したがって、P3HB系樹脂を含む本積層体は、前記積層体を押出ラミネーションにより製造する際に、ネックイン特性および冷却ロールからのラミネート層の剥離性を改善できることが示された。また、本積層体が上記P3HB系樹脂を含むことにより、ラミネート層の表面状態が良好で、かつ、基材とラミネート層との接着性が良好となることが示された。

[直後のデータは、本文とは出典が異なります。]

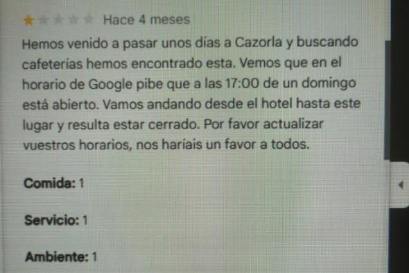 En su escrito, esas personas se quejan se que han ido a pasar unos días a Cazorla y, buscando cafeterías, han encontrado esa. "Vemos que en el horario de Google pone que a las 17.00 un domingo está abierto. Vamos andando desde el hotel hasta ese lugar y resulta que está cerrado", explica.
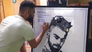வெவ்வேறு வடிவிலான உதிரிபாகங்கள், வயர்களை கச்சிதமாக இணைத்து தத்ரூபமாக கோலியின் உருவத்தை கொண்டு வந்து ஆச்சரியப்படுத்திய அந்த ரசிகரை விராட் கோலி நேரில் சந்தித்து வாழ்த்து தெரிவித்ததுடன் இந்த ஓவியத்தில் தனது ஆட்டோகிராப்பையும் பதிவிட்டார். பிறகு கோலிக்கு அந்த ஓவியத்தை பரிசாக ராகுல் பரேக் வழங்கினார். இதற்காக பகல்-இரவு பாராமல் 3 நாட்கள் செலவிட்டதாக அந்த ரசிகர் தெரிவித்துள்ளார்.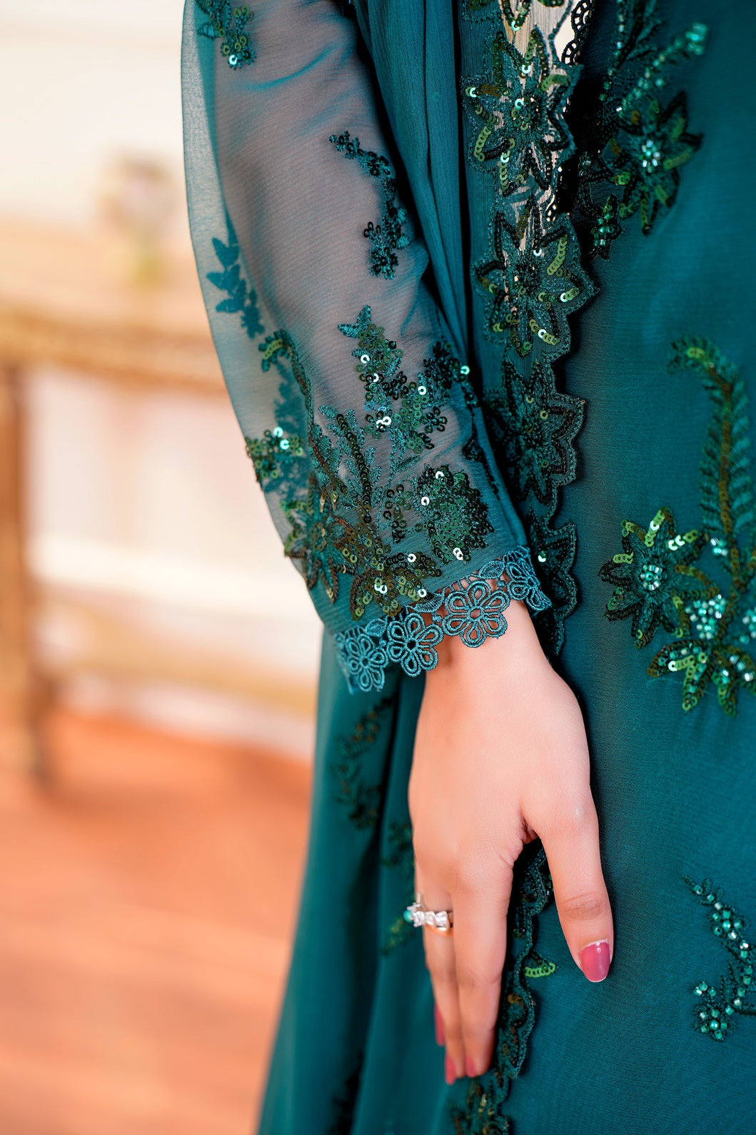 • Sleeves: Exquisitely embroidered chiffon sleeves with fine mesh-work detailing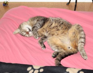 Die Zusammenführung mit den Hunden, die er kannte, klappte ohne Probleme. Wir achten sehr darauf, dass ihn die Hunde nicht bedrängen. Mittlerweile schlafen sie sogar in geringem Abstand nebeneinander. Eine Zusammenkunft der Katzen wird nicht erfolgen, Willi ist leider Coronavirus- träger. Da Willi eine massive Stomatitis und faule Zähne hatte, wurde er am 12.07.2018 operiert. Leider mussten alle Zähne, bis auf einen Reisszahn, gezogen werden. Sein Zahnfleisch ist regelrecht zerfressen und man kann den Kieferknochen sehen. Nach der Narkose hat Willi erst mal sehr lange geschlafen. Mit Wasser verdünnte Sahne, gemischt mit Katzenaufzuchtsmilch hat er viel und gerne getrunken. Baby paté konnte er bereits abends fressen. Erschwerend für ihn ist auch der Katzenschnupfen und zusätzlich Durchfall. Doch es nutzt ja nichts, wenn er Diätfutter nicht annimmt und sich das Medikament gegen Durchfall überall in der Wohnung befindet nur nicht in seinem Mäulchen. Diese Zwangsapplikation habe ich nicht durchgehalten. Zum Glück hat er nur ein- bis zweimal pro Tag weichen Stuhlgang. Am 18.07.2018 war die erste Kontrolluntersuchung. Die Entzündung ist noch immer vorhanden. Willi trinkt viel und er frisst - wenn auch nur das was er möchte. Willi hat bei der letzten Kontrolluntersuchung am 08.08.2018 ein Kilo zugenommen. Die Leukozyten sind zwar nicht mehr ganz so erschreckend hoch, aber leider ist die Entzündung noch immer vorhanden. Da es eine ernsthafte Erkrankung des Kiefer- knochens ist, muss er weiterhin Antibiotika bekommen. Wir sind nun alle 3 Tage mit ihm beim Tierarzt, da er die Antibiotika Tabletten nicht mehr nimmt und Spritzen bekommt. Da er seit der Spritzen wieder ziemlich schlapp ist, haben wir als zusätzliche Hilfe für ihn eine Tierheilpraktikerin konsultiert.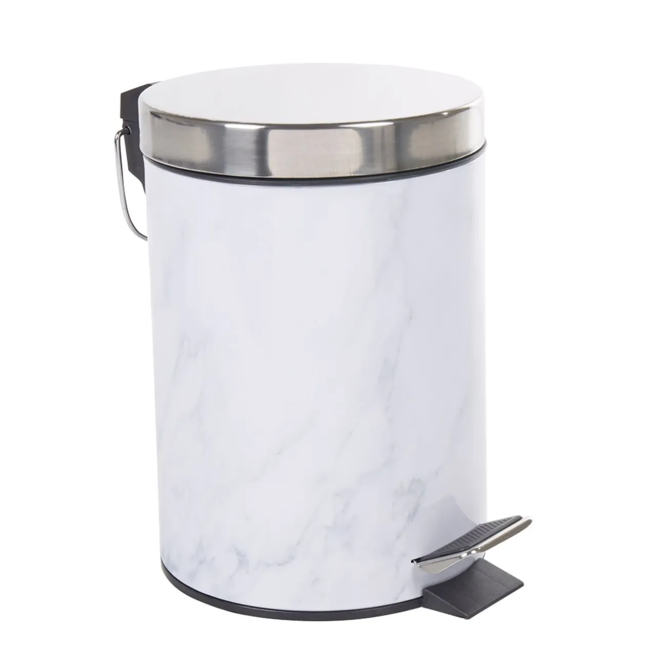 Poubelle de salle de bain en aluminium imprimé effet marbre.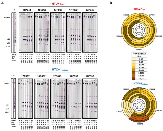 Antibody responses. (A) Sera from the inoculated macaques belonging to HTLV-1WT and HTLV-1p12KO groups were assayed at weeks 1, 3, 5, 7, 10, 16, and 21 for reactivity to HTLV-1 antigens using the kit from HTLV Blot 2.4 Western Blot Assay (MP Diagnostics, Singapore). The animal ID, inoculated viruses, and treatment are indicated above each sample. The week of serum collection is indicated below each Western blot strip. Nested PCR amplifying the gag and orf-1 genes and qPCR for the assessment of HTLV-1 proviral load were performed in the DNA isolated from the PBMCs of each animal throughout the course of the study (see Material and Methods) and are indicated below each Western blot strip. The positive amplification of either gag or orf-1 is symbolized by (+); the absence of amplification is symbolized by (-); the PVL is shown as the number of HTLV-1 proviral DNA copies per 100 PBMCs. (B) The serum HTLV-1 p24Gag antibody titer was measured for macaques belonging to the HTLV-1WT (top panel) and HTLV-1p12KO (bottom panel) groups at weeks 1, 3, 5, 7, 10, 12, 16, and 21. Dilutions of 1:10, 1:50, 1:100, 1:200, 1:800, 1:1000, 1:3200, and 1:10,000 were used and color-coded as reported in the figure.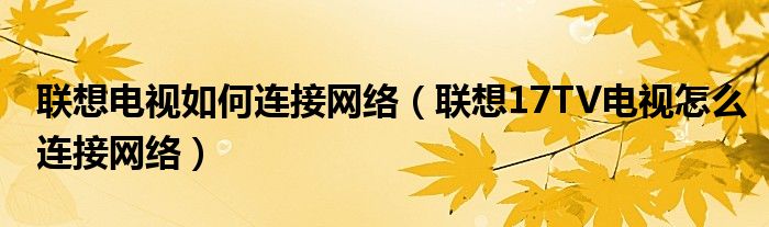 大家好,今天小悦来为大家解答以上问题。联想电视如何连接网络,联想17TV电视怎么连接网络很多人还不知道,现在让我们一起来看看吧!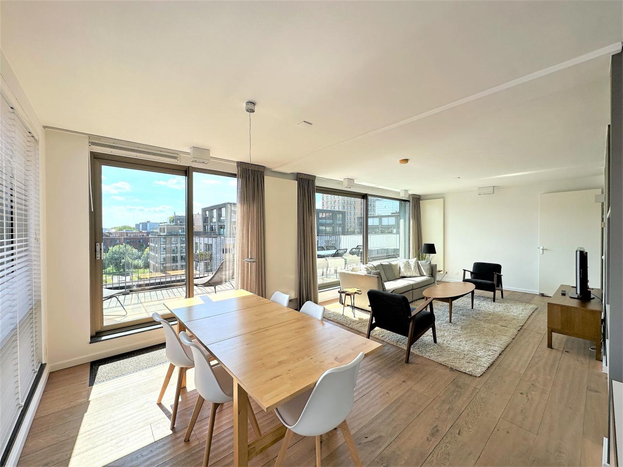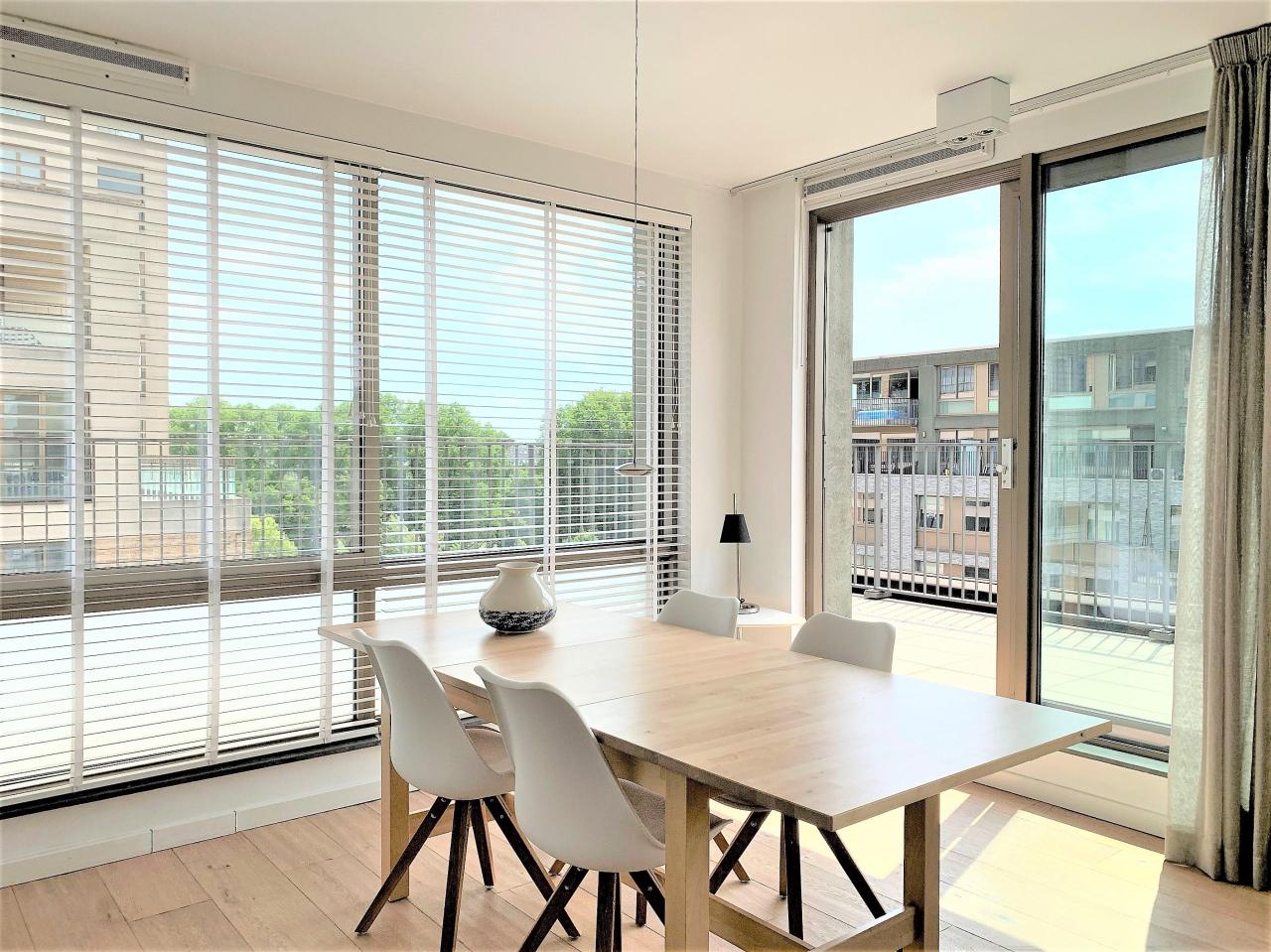 Indeling: Centrale entree op de begane grond met lift en trap naar de vijfde etage. Entree van het appartement met toegang tot de ruime hal. Zeer lichte woonkamer vanwege de grote raampartijen en schuifpuien naar het zonnige terras. Luxe open keuken voorzien van koelkast, vriezer, vaatwasser, combi-oven en inductiekookplaat met afzuiging. Drie zeer ruime slaapkamers. De moderne badkamer is voorzien van een ligbad, aparte douche, wastafel, toilet, bidet en design radiator. Apart tweede toilet met fonteintje. De woning beschikt over een ruim en zonnig terras (65m2). Een wasmachine- en drogeraansluiting is aanwezig in een aparte bergkast. Het gehele appartement is voorzien van een fraaie houten vloer.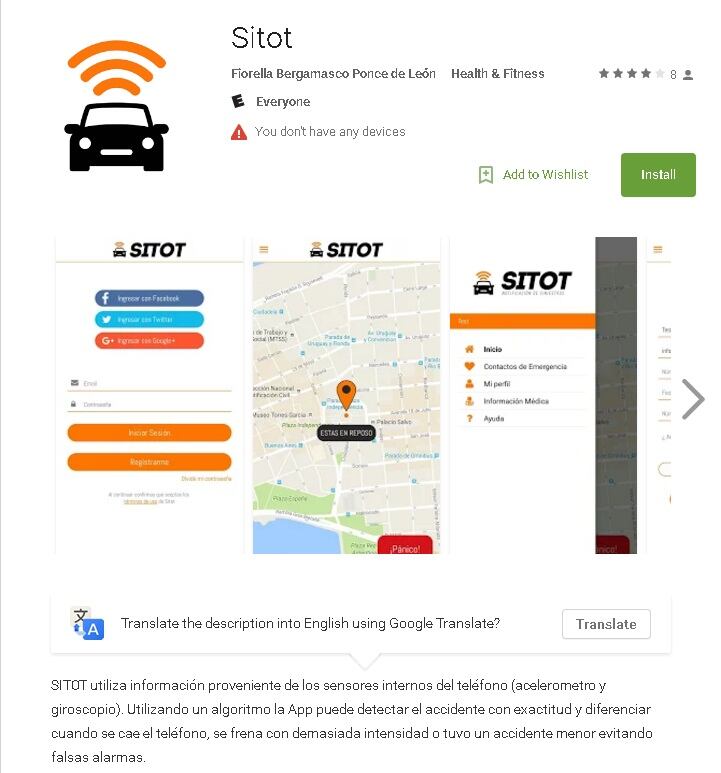 SITOT tiene otras funciones, como un botón de pánico para reportar robos o incendios y es posible introducirle información médica del usuario.
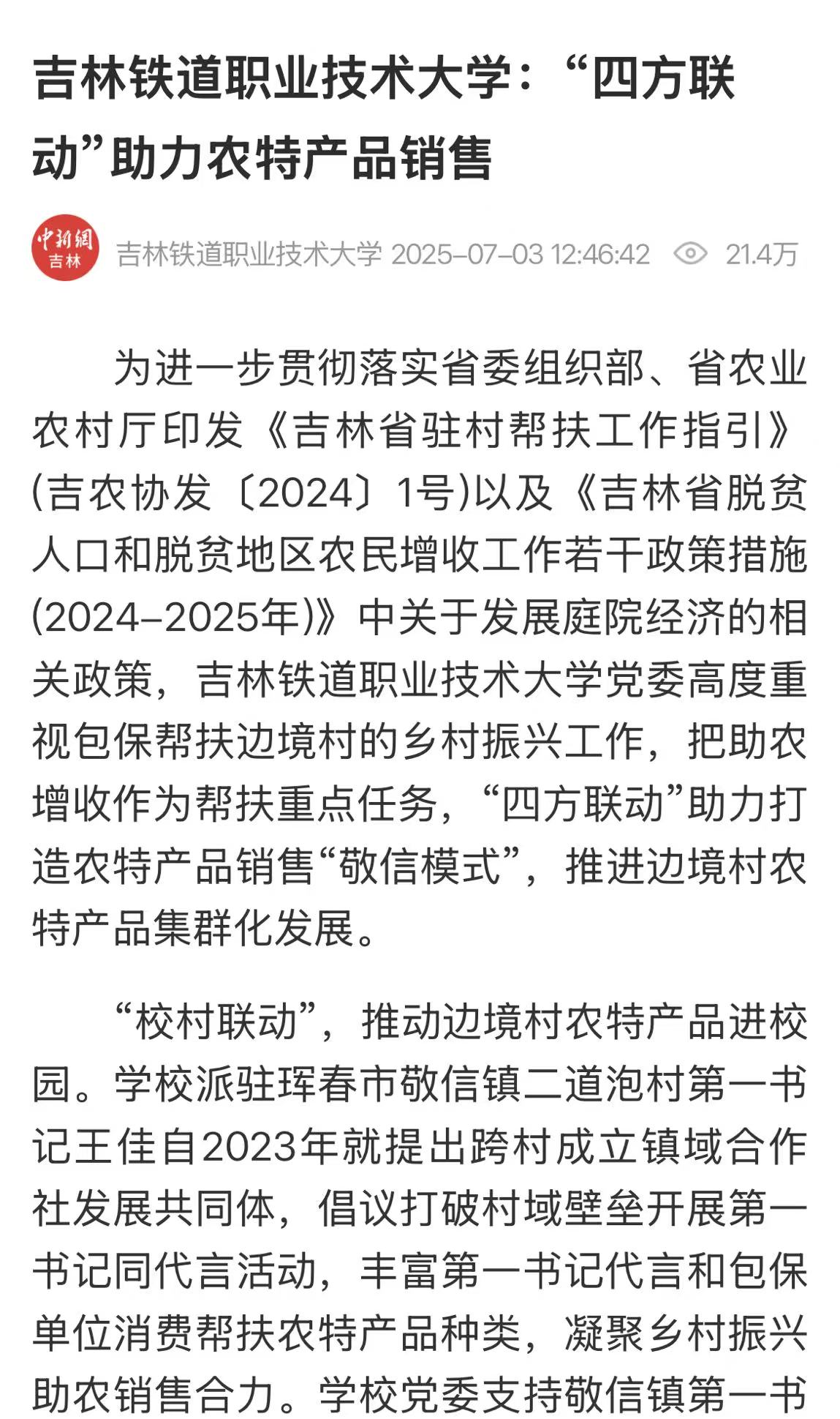 7月3日,【中国新闻网】以“吉林铁道职业技术大学:“四方联动”助力农特产品销售”为题对我校进行了报道。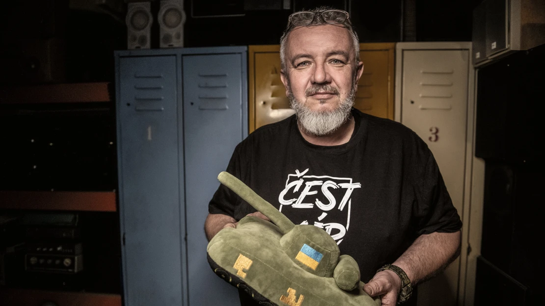 Sešli jsme se v jeho pražském bytě týden před výročím 17. listopadu, dnem, kdy na Letenské pláni přistál vrtulník Black Hawk. Stroj s obrázkem lva chystajícího se ke skoku a se jménem Čestmír je další zbraní, která má pomoci ukrajinským vojákům ve válce s Ruskem. Než k nim ale doletí, bude to stát přesně 105 milionů korun. Peníze, kterými přispějí dárci do sbírky Dárek pro Putina.

上述の通り、P3HB系樹脂を含む本積層体は、前記積層体を押出ラミネーションにより製造する際に、ネックイン特性および冷却ロールからのラミネート層の剥離性を改善できるうえ、ラミネート層の表面状態が良好であることから、農業、漁業、林業、園芸、医学、衛生品、衣料、非衣料、包装、自動車、建材、その他の分野に好適に利用することができる。

Claims (9)

  1. (i)ラミネート層用の樹脂を溶融押出しする工程、
    (ii)前記工程(i)で得られた溶融押出し後のラミネート層用の樹脂と、別途繰り出した基材層用の基材とを接触させて、基材層とラミネート層とを含む積層体を形成する工程、および
    (iii)前記工程(ii)で得られた積層体を少なくとも1本が温調可能な2本のロールで挟み、前記積層体を構成する前記基材層と前記ラミネート層とを圧着する、圧着工程、を含む、積層体の製造方法であり、
    前記積層体は、基材層と、前記基材層の少なくとも片面に積層されたラミネート層と、を含
    前記ラミネート層が、以下の(A)および(B)を満たす、ポリ(3-ヒドロキシブチレート)系樹脂を含む、積層体の製造方法:
    (A)示差走査熱量分析において、130~155℃の範囲にある結晶融解曲線のトップ温度(Tm)と、結晶融解曲線のエンド温度(Tm)との差が10℃以上であり、
    (B)175℃における溶融粘度が100~700Pa sである。
  2. 前記ポリ(3-ヒドロキシブチレート)系樹脂が、ポリ(3-ヒドロキシブチレート-コ-3-ヒドロキシヘキサノエート)である、請求項1に記載の積層体の製造方法
  3. 前記ラミネート層が、押出ラミネート層である、請求項1または2に記載の積層体の製造方法
  4. 前記基材層が、生分解性を有する層である、請求項1~3のいずれか1項に記載の積層体の製造方法
  5. 前記基材層が紙である、請求項1~4のいずれか1項に記載の積層体の製造方法
  6. 前記工程(i)において、押出時の樹脂温度が155~175℃である、請求項1~5のいずれか1項に記載の積層体の製造方法。
  7. 前記工程(iii)において、温調可能なロールが前記積層体のラミネート層に接する、請求項1~6のいずれか1項に記載の積層体の製造方法。
  8. 前記工程(iii)において、温調可能なロールの温度が35~70℃である、請求項1~7のいずれか1項に記載の積層体の製造方法。